Unfortunately my experience is that it's not that likely :(


Whatever we do, we need to take existing setups into account.

How would we do it in the spec without breaking working setups?  I guess
we could say that both behaviours are legal.  That would still mean we
need the qemu and linux patches, right?

-- 
MST
Re: [PATCH 0/2] virtio-balloon: make it spec compliant
Posted by David Hildenbrand 1 year, 7 months ago
Sorry for the late reply!

>> I understand that concern, IIUC it would imply that:
>>
>> a) In case of a hypervisor, we never ran with a Linux guest
>> b) In case of a guest, we never ran under QEMU
> 
> Or maybe VIRTIO_BALLOON_F_FREE_PAGE_HINT is set.
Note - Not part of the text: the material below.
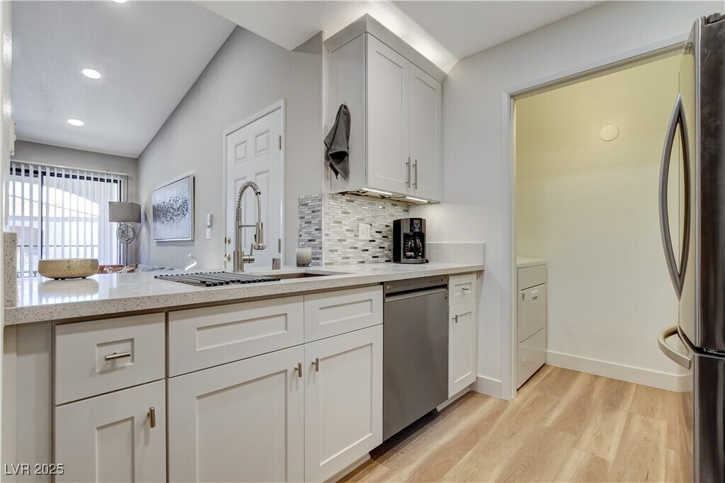 Experience modern living in this fully upgraded one-bedroom condo within a secure gated community. The open floor plan creates a bright, welcoming atmosphere, complemented by a beautifully renovated kitchen featuring granite countertops, white cabinetry with ample storage, and stainless steel appliances. The spacious bedroom offers comfort and relaxation, while the updated bathroom includes new counters and a sleek tub-shower combination. Located on the upper level, this home provides added privacy and access to a range of community amenities for a comfortable and convenient lifestyle.

Right, in which case it would be according to the spec.

>> It's certainly possible, although I would assume that most other
>> implementation candidates (e.g., cloud-hypervisor) would have complained by
>> now about Linux issues.
> 
> They either set VIRTIO_BALLOON_F_FREE_PAGE_HINT or followed linux bug to
> work around.

Okay, in the latter case it would be the unofficial way of doing it.

>> What's your experience: if someone would actually implement it according to
>> the spec, would they watch out on the virtio mailing lists for changes (or
>> even be able to vote) and would be able to comment that adjusting the spec
>> to the real first implementation is wrong?
> 
> Unfortunately my experience is that it's not that likely :(

That's what I thought, unfortunately.

> 
> 
> Whatever we do, we need to take existing setups into account.
> 
> How would we do it in the spec without breaking working setups?  I guess
> we could say that both behaviours are legal.  That would still mean we
> need the qemu and linux patches, right?

That makes sense to me. Let me take a look at the patches.

-- 
Cheers,

David / dhildenb